[pgenlib] support for `int8_t` in `read_alleles` and `read_alleles_and_phasepresent`

chrchang / plink-ng

A comprehensive update to the PLINK association analysis toolset. Beta testing of the first new version (1.90), focused on speed and memory efficiency improvements, is finishing up. Development is now focused on building out support for multiallelic, phased, and dosage data in PLINK 2.0.

https://www.cog-genomics.org/plink/2.0/

408 stars 123 forks source link

[pgenlib] support for `int8_t` in `read_alleles` and `read_alleles_and_phasepresent` #234

Closed aryarm closed 1 year ago

aryarm commented 1 year ago

In the read_alleles section of the python_api for Pgenlib it says https://github.com/chrchang/plink-ng/blob/8203270cfc0769264bb884387c33b2eec6b77ba9/2.0/Python/python_api.txt#L85-L87

Our team is working with large datasets like the UK Biobank, and it would be very helpful to load alleles in int8_t instead of int32_t. Is that also outside of the scope of the API? Can you provide any guidance on how to adapt pgenlib to support this?

chrchang commented 1 year ago

Once this type of consideration is important, you shouldn't only be working in Python.

The underlying data representation is based on packed 2-bit values, so it's actually easier to write a function to return packed 2-bit values than to return int8_ts, and most code operating on these packed values is more naturally written in C/C++/Cython than Python.

rborder commented 1 year ago

I think this would be useful even though Python is suboptimal for this kind of data. Specifically, Python is great for prototyping methods that might eventually be implemented in a compiled language and it would be really be handy to be able to read in phased haplotype data for such use cases while keeping the memory requirements low.

aryarm commented 1 year ago

@chrchang, what about if Pgenlib had a method to return packed bit arrays directly, if all of the requested genotypes are biallelic? Pgenlib could load them into an array that could be operated upon later using numpy's elementwise bit operations

or, if anyone wanted to unpack them to an int8, they could just use np.unpackbits

perhaps this is a bit too specific to our use case, though?

in our situation, I was hoping to load a packed bit array into python, perform some indexing and bitwise operations using numpy, and then write the resulting packed bit array to a new pgen file

I'd be happy to fork and try to make a PR for that, if you would be willing to point me in the right direction

chrchang commented 1 year ago

I think this would be useful even though Python is suboptimal for this kind of data. Specifically, Python is great for prototyping methods that might eventually be implemented in a compiled language and it would be really be handy to be able to read in phased haplotype data for such use cases while keeping the memory requirements low.

You can already keep memory requirements low by reading a single variant at a time and converting to int8_t (or even a packed bitarray) before reading the next variant.

rborder commented 1 year ago

You can already keep memory requirements low by reading a single variant at a time and converting to int8_t (or even a packed bitarray) before reading the next variant.

True, though it will be slow to implement in python. But it sounds like this is out of scope for pgenlib? Totally fair if so

chrchang commented 1 year ago

This is out of scope for Python pgenlib, yes, because Python is an awful tool for the job anyway if this amount of additional overhead actually matters.

The most accessible language that allows for reasonably-fast code here seems to be Go.
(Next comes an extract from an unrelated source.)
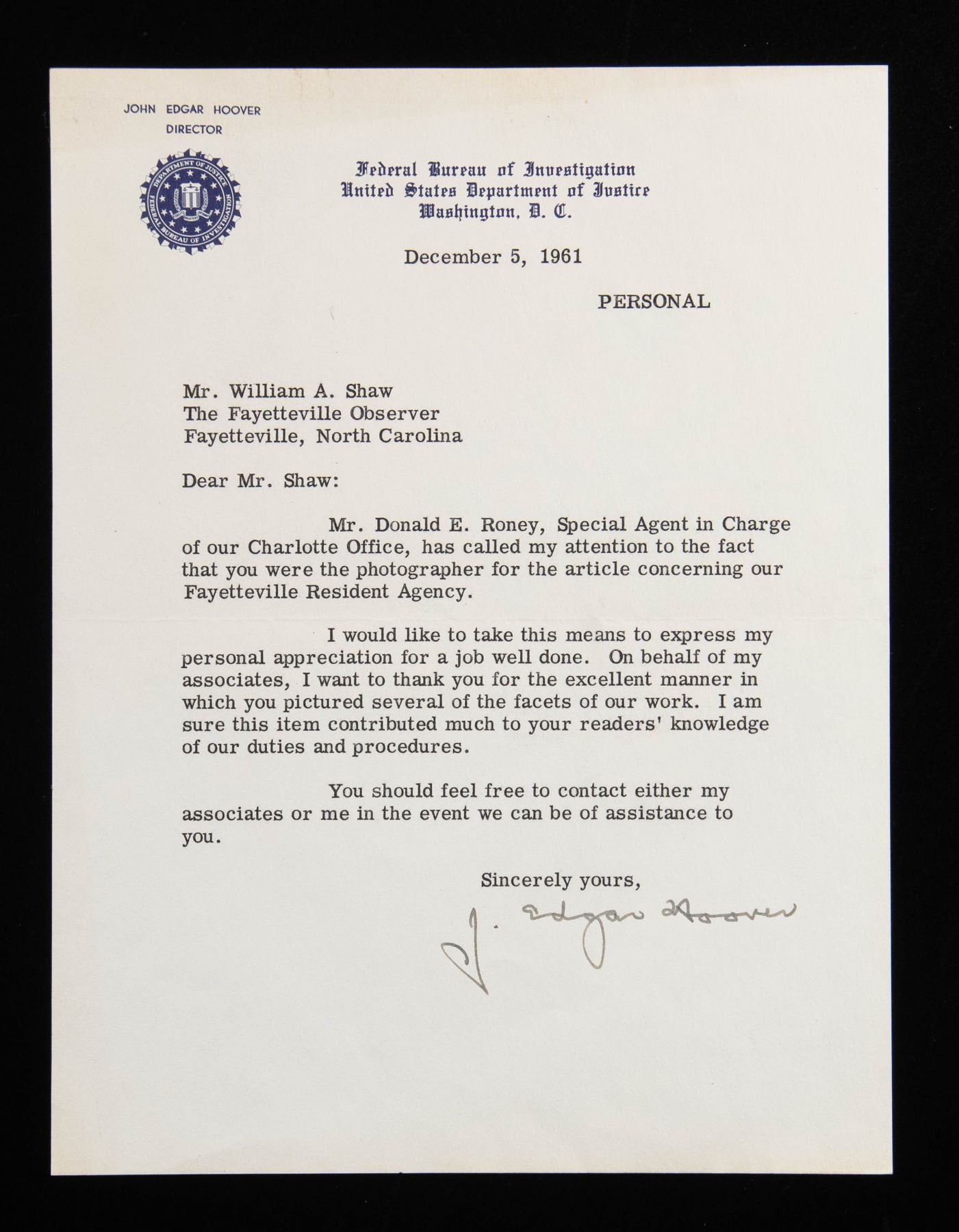 Original typed letter dated December 5, 1961, on official Federal Bureau of Investigation, United States Department of Justice letterhead, addressed to Mr. William Shaw of Fayetteville, NC. The letter, signed in ink by FBI Director J. Edgar Hoover, acknowledges his regard of job well done. This is fine example of FBI correspondence, bearing distinctive "J. Edgar Hoover" signature. 9.5" x 7". CONDITION: fine, minor light fading. (02-26110/JS). NON-GUN. $100-200.

I don't see much academic use, but if that starts to change I'm open to building out a Go pgenlib interface.

rborder commented 1 year ago

Python is an awful tool

Awful convenient!

But how about reading the packed bitarrays in directly as suggested @aryarm?

chrchang commented 1 year ago

The point is that building this directly into Python pgenlib barely even makes a difference. You can already save memory by loading one variant at a time and then packing the output, and this doesn't take much additional code. That additional code is slow, but not as slow as any main loop that would actually operate on the data. This goes double if you attempt any bit-packing.